I imagine it was a mixture of not doing much heavy work before this and him finally feeling really good after regaining all his weight. He does fine at a trot, but he always gives a little buck when we go any faster. I've been trying to fix this, but I don't bother with it much considering the limited canter-friendly locations. This time I was just taken off guard a little more-so than usual and couldn't keep my seat. 

Invariably, I asked how my horse was doing and where he'd run off to. Jerk didn't even stick around. He went back across the road and stopped. (Don't worry, it's a back-road not many use and the ones who do drive slow because there's a few equestrians in the area.) My friend checked on how responsive I was and took off back up the hill to get her car, Scotch followed. She was back in a giffy. 
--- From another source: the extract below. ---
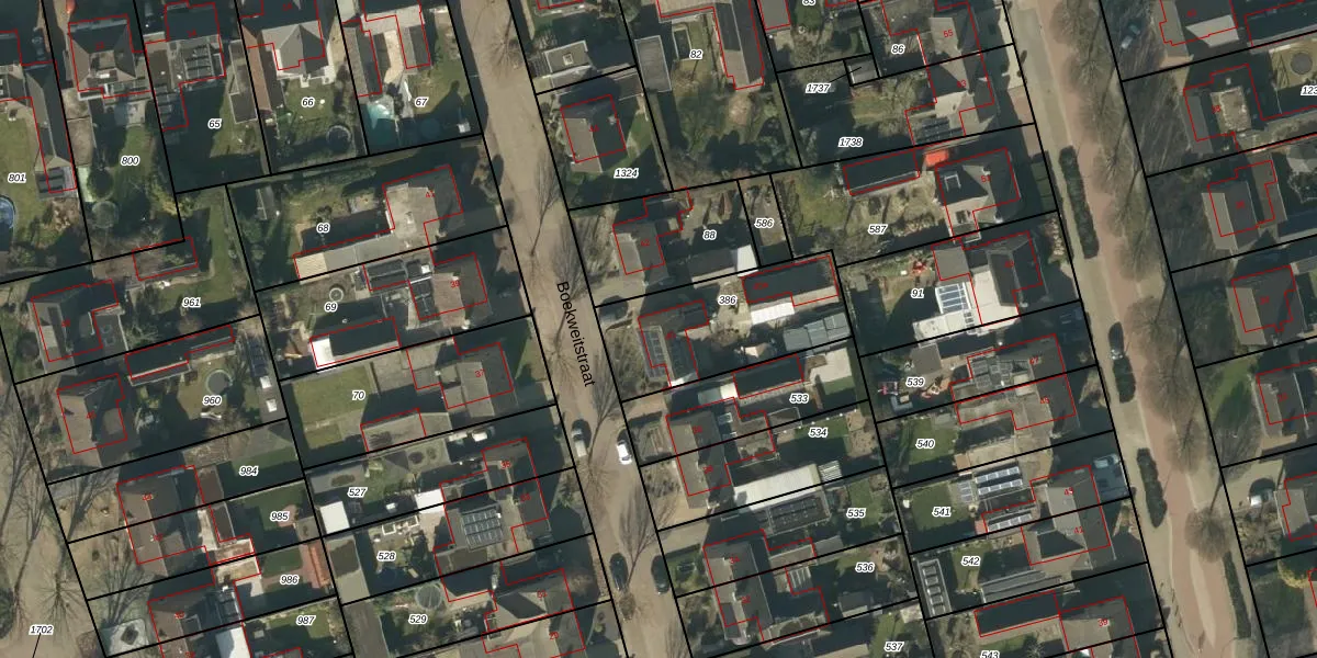 Het perceel waarop Boekweitstraat 40 staat heeft een oppervlakte van 516 m². Dit is een groot perceel. De perceeloppervlakte wordt geregistreerd door het Kadaster. Gedetailleerde informatie over de maten van dit perceel kunt u vinden in het rapport Kadastrale kaart met maatvoering van Boekweitstraat 40.

Obviously, I feel like crap. I have a scrape on my face (I landed on grass, so yay), a pretty sore shoulder, a bruised thigh, and a knee that doesn't want to be used. Hopefully work doesn't suck too badly tomorrow.

Hopefully my concussion will be gone by tomorrow.


----------



## Puddintat (Jul 24, 2010)

Ouch. I hope you feel better soon!! Soaking in epsom salts may help with any sore muscles.


----------



## Kawonu (Apr 24, 2011)

Puddintat said:


> Ouch. I hope you feel better soon!! Soaking in epsom salts may help with any sore muscles.


Thank you!
Ahh, I wish I could, but no bathtub to do so.


----------



## waresbear (Jun 18, 2011)

Awww man! Wish you were closer, I would invite you over to soak in the hot tub. Rest up properly, then ride the tar of that knot head.


----------



## Kawonu (Apr 24, 2011)

I'm glad that after tomorrow, I have the weekend off. I'm sure I'm going to want to die while at work. 

So much for paying two months boarding this week...


----------



## Celeste (Jul 3, 2011)

Sorry you got hurt. Hitting the dirt hurts so bad.


----------



## tinyliny (Oct 31, 2009)

concussion? have you been examined?


----------



## Saddlebag (Jan 17, 2011)

If you lost consciousness even momentarily your need to be examined and immediately. Don't want you running about with a brain bleed.


----------